What to work on → For the data that follows, return each line unchanged and drop the pictures.

Data section →

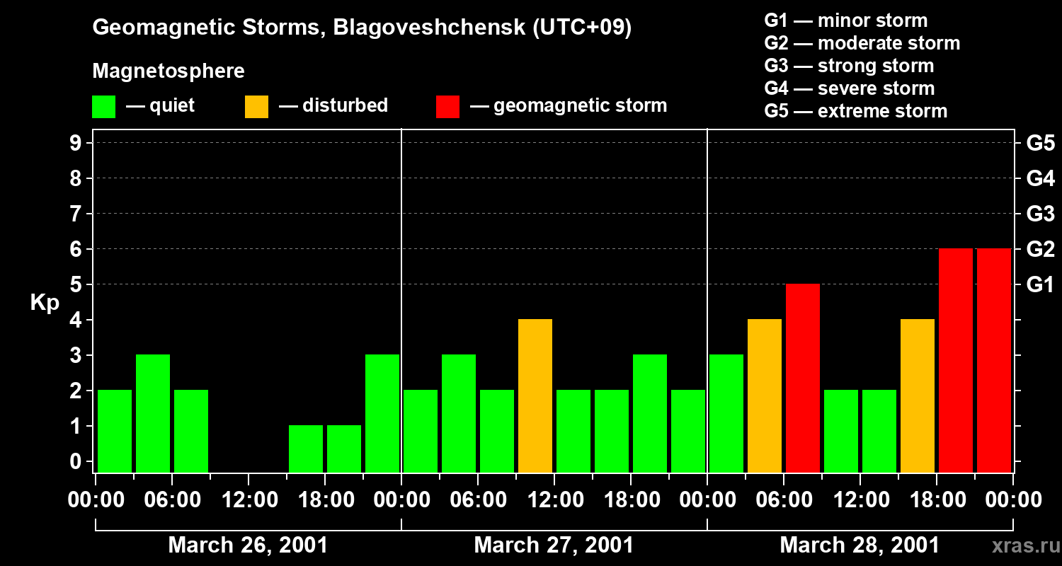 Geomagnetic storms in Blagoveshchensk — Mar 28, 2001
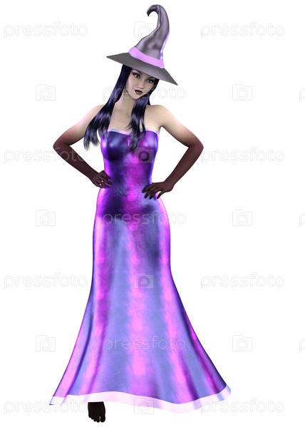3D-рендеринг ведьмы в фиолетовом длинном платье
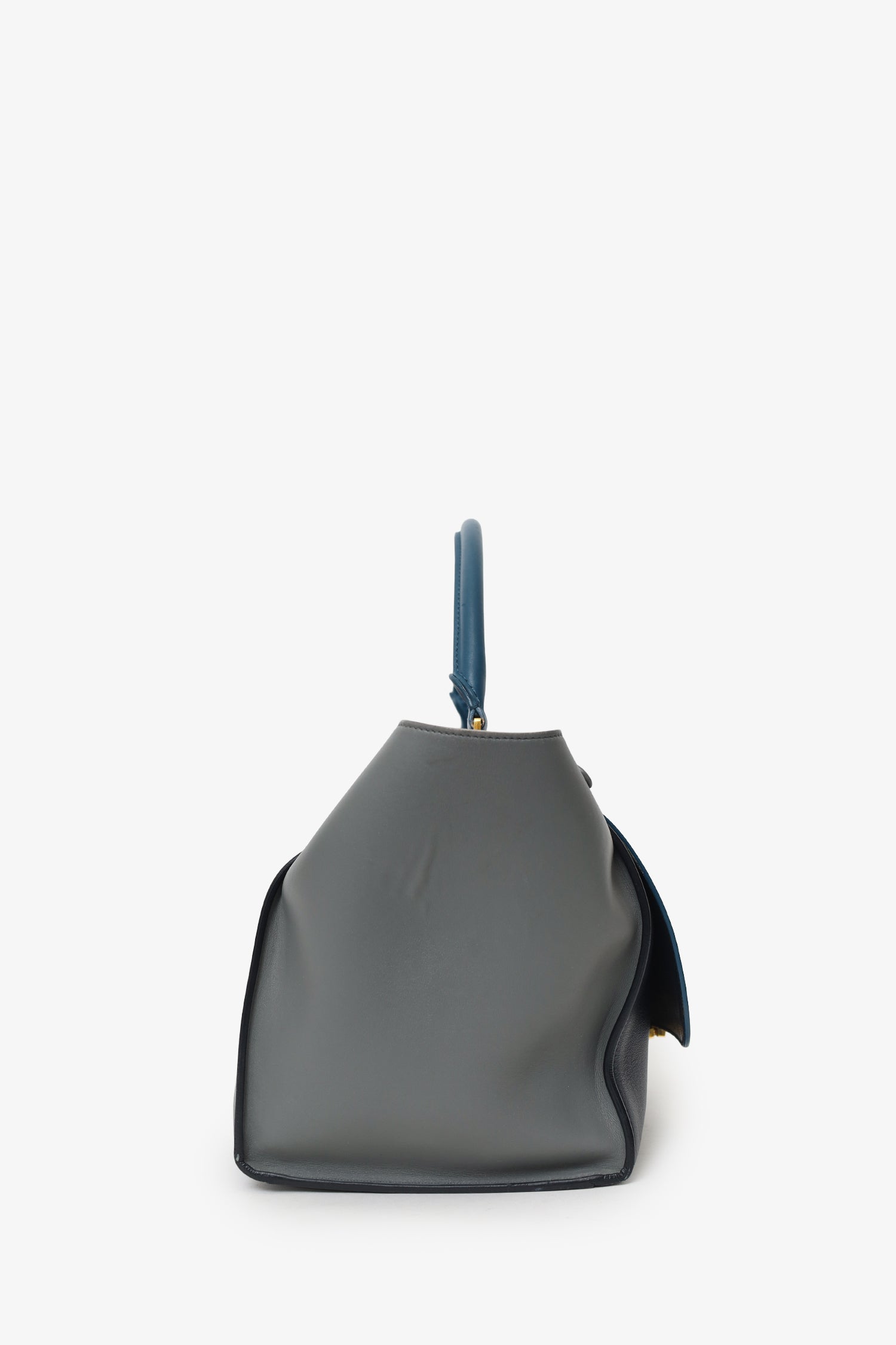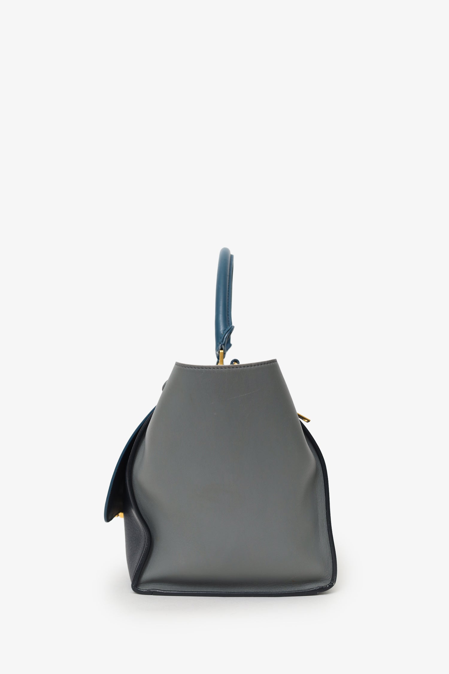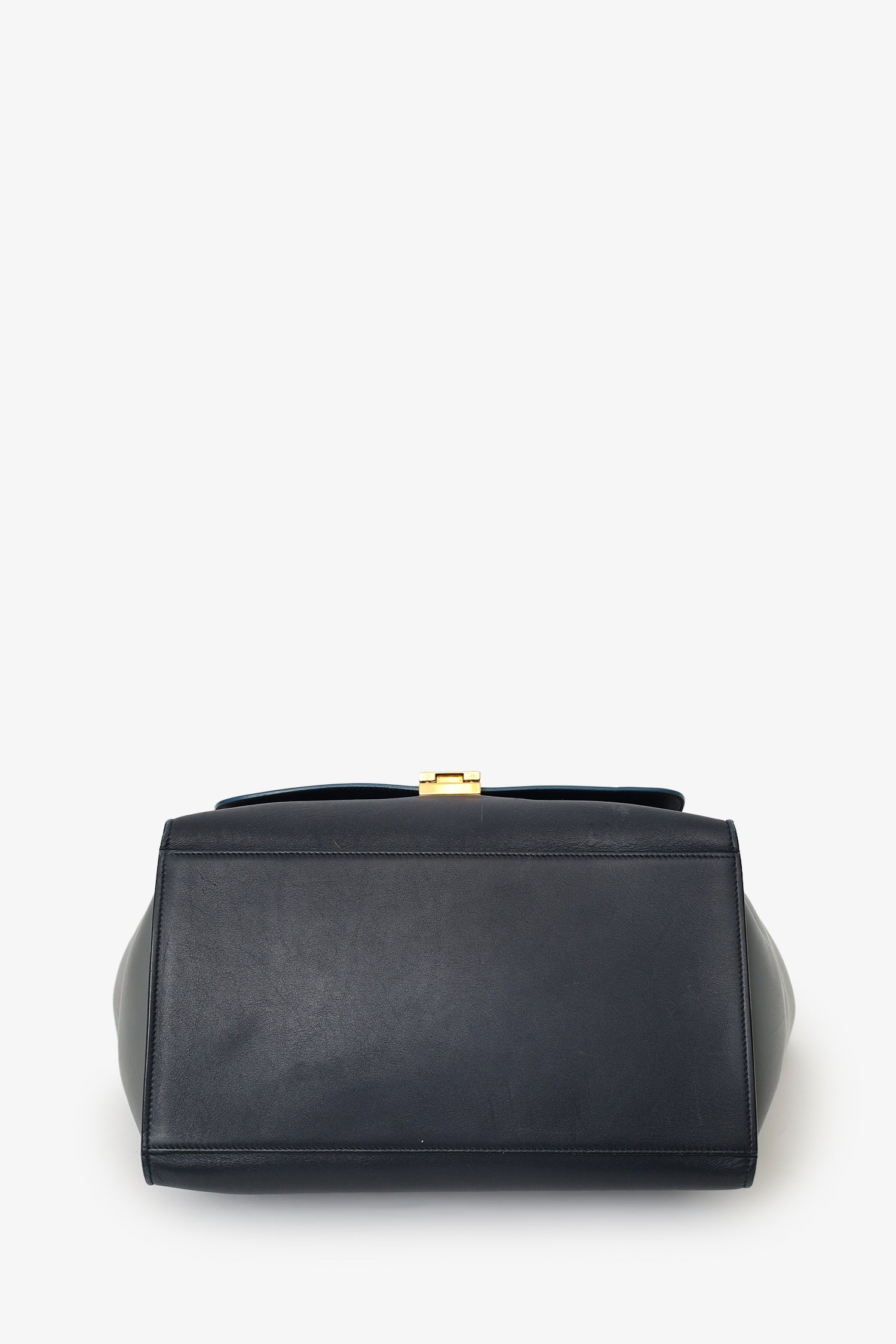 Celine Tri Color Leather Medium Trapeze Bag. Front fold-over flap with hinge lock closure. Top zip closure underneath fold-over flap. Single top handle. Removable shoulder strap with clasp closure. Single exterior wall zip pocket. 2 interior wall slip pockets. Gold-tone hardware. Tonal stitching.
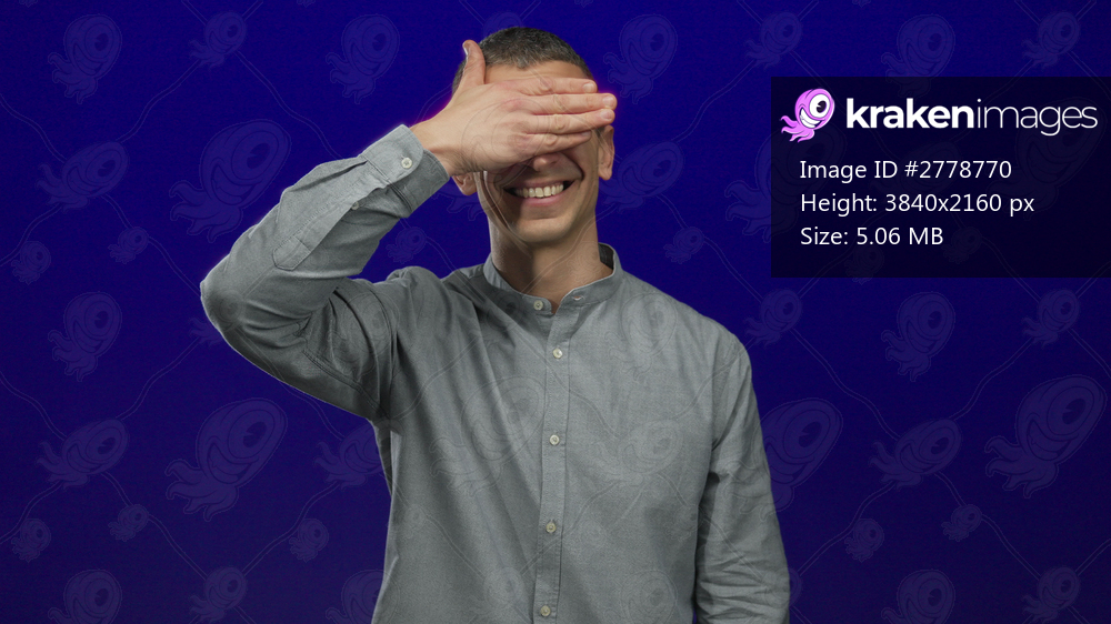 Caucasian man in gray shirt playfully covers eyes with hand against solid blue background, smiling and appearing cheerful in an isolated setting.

Exercise output →
 Geomagnetic storms in Blagoveshchensk — Mar 28, 2001
3D-рендеринг ведьмы в фиолетовом длинном платье
 Celine Tri Color Leather Medium Trapeze Bag. Front fold-over flap with hinge lock closure. Top zip closure underneath fold-over flap. Single top handle. Removable shoulder strap with clasp closure. Single exterior wall zip pocket. 2 interior wall slip pockets. Gold-tone hardware. Tonal stitching.
 Caucasian man in gray shirt playfully covers eyes with hand against solid blue background, smiling and appearing cheerful in an isolated setting.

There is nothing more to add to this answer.